_MATERIAL PROVIDED_:
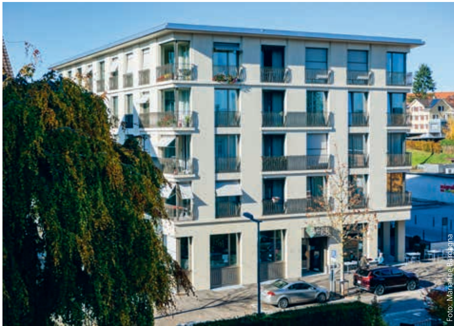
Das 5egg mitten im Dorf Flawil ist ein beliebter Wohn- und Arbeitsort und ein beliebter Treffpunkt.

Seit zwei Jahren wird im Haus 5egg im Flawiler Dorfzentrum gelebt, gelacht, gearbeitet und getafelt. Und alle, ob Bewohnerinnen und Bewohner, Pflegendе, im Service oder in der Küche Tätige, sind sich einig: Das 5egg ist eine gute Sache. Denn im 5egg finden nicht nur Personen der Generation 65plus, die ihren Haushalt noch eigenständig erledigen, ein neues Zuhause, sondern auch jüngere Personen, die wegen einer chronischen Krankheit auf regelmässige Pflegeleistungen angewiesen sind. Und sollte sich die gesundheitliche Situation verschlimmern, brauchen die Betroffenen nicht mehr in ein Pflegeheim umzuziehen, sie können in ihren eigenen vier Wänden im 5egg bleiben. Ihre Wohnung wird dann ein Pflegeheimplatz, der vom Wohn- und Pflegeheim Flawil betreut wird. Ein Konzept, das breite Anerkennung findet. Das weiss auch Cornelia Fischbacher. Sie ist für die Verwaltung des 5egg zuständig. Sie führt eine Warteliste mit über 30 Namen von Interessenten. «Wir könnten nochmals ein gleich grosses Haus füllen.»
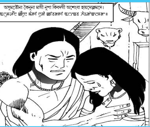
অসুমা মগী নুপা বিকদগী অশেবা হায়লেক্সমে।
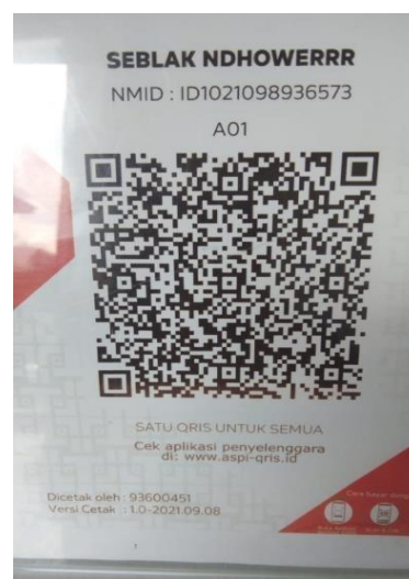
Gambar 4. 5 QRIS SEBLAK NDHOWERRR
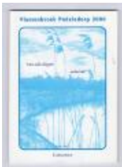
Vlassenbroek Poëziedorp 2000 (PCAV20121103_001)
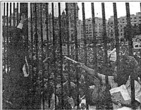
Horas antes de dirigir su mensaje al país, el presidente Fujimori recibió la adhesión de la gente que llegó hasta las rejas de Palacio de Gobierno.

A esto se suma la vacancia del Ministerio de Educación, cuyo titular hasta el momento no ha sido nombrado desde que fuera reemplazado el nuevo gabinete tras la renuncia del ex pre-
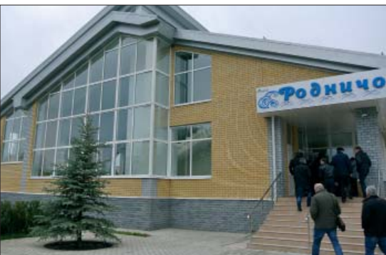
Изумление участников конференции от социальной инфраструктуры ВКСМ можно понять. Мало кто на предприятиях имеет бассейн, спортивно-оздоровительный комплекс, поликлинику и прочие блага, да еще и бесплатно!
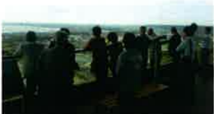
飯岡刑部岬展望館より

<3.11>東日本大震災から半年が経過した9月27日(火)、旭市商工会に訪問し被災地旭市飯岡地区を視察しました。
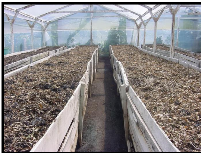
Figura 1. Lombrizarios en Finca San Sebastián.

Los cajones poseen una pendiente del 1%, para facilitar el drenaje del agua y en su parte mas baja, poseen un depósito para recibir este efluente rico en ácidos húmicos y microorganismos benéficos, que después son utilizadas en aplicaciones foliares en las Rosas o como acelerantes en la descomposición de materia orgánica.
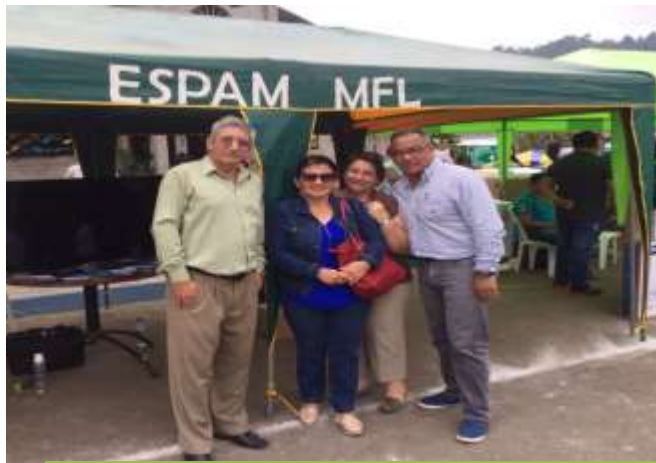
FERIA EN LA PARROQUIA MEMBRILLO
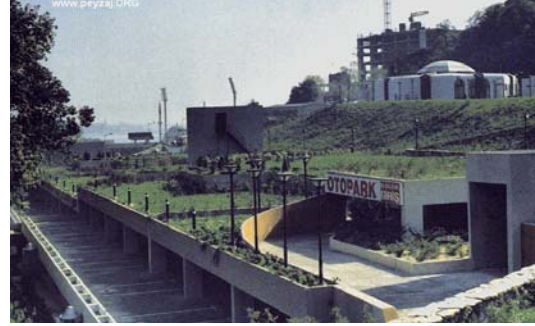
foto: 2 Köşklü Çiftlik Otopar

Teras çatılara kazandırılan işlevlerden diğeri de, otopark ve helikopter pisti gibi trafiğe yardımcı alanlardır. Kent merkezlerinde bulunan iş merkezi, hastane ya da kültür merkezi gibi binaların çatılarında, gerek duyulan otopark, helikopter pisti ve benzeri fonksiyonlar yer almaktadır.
...
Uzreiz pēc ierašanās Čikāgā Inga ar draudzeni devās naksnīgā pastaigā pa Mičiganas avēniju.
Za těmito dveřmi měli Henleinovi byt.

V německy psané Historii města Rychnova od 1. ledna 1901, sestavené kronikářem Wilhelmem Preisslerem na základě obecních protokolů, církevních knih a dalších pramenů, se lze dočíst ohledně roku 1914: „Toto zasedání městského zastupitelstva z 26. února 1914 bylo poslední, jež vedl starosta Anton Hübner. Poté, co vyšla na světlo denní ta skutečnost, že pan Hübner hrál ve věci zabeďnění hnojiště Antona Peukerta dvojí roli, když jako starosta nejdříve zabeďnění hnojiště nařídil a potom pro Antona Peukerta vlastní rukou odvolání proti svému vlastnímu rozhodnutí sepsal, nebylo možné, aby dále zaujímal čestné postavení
...
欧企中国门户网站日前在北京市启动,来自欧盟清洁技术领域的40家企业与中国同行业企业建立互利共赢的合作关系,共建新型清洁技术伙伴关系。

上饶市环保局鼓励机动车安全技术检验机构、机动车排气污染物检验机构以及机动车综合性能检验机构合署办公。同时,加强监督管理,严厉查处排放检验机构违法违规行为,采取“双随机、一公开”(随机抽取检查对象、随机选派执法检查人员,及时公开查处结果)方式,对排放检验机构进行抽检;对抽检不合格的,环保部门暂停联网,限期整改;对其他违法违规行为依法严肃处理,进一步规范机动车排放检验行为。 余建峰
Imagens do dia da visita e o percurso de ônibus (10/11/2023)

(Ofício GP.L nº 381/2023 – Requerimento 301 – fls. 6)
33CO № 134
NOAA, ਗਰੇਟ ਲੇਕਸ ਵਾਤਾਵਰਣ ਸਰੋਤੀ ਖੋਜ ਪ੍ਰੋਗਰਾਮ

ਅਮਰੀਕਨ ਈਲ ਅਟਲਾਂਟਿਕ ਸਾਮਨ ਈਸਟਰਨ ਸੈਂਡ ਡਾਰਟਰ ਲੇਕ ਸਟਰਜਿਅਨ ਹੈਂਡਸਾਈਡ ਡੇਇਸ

_ACTIVITY_:
Beginning with the line holding "Imagens do dia" and ending with the line holding "ਅਮਰੀਕਨ ਈਲ ਅਟਲਾਂਟਿਕ", write out the stretch of material above exactly; add no further lines.

_RESULT_:
Imagens do dia da visita e o percurso de ônibus (10/11/2023)

(Ofício GP.L nº 381/2023 – Requerimento 301 – fls. 6)
33CO № 134
NOAA, ਗਰੇਟ ਲੇਕਸ ਵਾਤਾਵਰਣ ਸਰੋਤੀ ਖੋਜ ਪ੍ਰੋਗਰਾਮ

ਅਮਰੀਕਨ ਈਲ ਅਟਲਾਂਟਿਕ ਸਾਮਨ ਈਸਟਰਨ ਸੈਂਡ ਡਾਰਟਰ ਲੇਕ ਸਟਰਜਿਅਨ ਹੈਂਡਸਾਈਡ ਡੇਇਸ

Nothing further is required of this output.